The trick if you want to conserve the relative differences is to rescale all files by the same value in such a way that they do not go outside the range of 16 bits. This is usually done by rescaling the maximum absolute amplitude across all signals that we want to compare so that it maps to 2^15.

Here is an example for two signals.

scale = max(abs(signal1).max(), abs(signal2).max())
signal1 = (signal1 * 32768 / scale).astype(np.int16)
signal2 = (signal2 * 32768 / scale).astype(np.int16)
coreeey commented 3 weeks ago

@coreeey The normalization of audio before saving to a format like wav is one of the finer and confusing point of audio processing. The problem is that wav (when saving has integer valued samples) has a finite precision. Many files are saved in 16 bits and you want to maximize the use of the 16 bits to represent the amplitude of the sound. If the maximum amplitude is too small, only a few bits will be used to encode all the values. Often, we will rescale the maximum to a value close to 2^15 which is the maximum value allowed by 16 bits to maximize the precision used. The rescaling in practicer only changes the volume of the audio.
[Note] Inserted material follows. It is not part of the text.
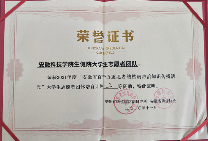 生命与健康科学学院青年志愿者团体组建于2019年,是滁州市第二个大学生志愿团体。该团体自成立以来,结合疫情防控,组织开展了形式多样、内容丰富的结核病防治宣传活动,提高了学校师生和凤阳县及当地市民对结核病防治工作的认识,营造了全社会共同关注结核病防治的良好氛围,2020年,该团体荣获2020年度省“百千万志愿者结核病防治知识传播活动”大学生志愿者团体培育计划三等资助,这是该团体第二次获此立项资助。

The simingly innocuous operation will lose the relative difference of amplitudes of different files, as you have noticed in your original issue.

The trick if you want to conserve the relative differences is to rescale all files by the same value in such a way that they do not go outside the range of 16 bits. This is usually done by rescaling the maximum absolute amplitude across all signals that we want to compare so that it maps to 2^15.

Here is an example for two signals.

scale = max(abs(signal1).max(), abs(signal2).max())
signal1 = (signal1 * 32768 / scale).astype(np.int16)
signal2 = (signal2 * 32768 / scale).astype(np.int16)

@fakufaku thank you for the detailed and kind reply, and for developing such a great project.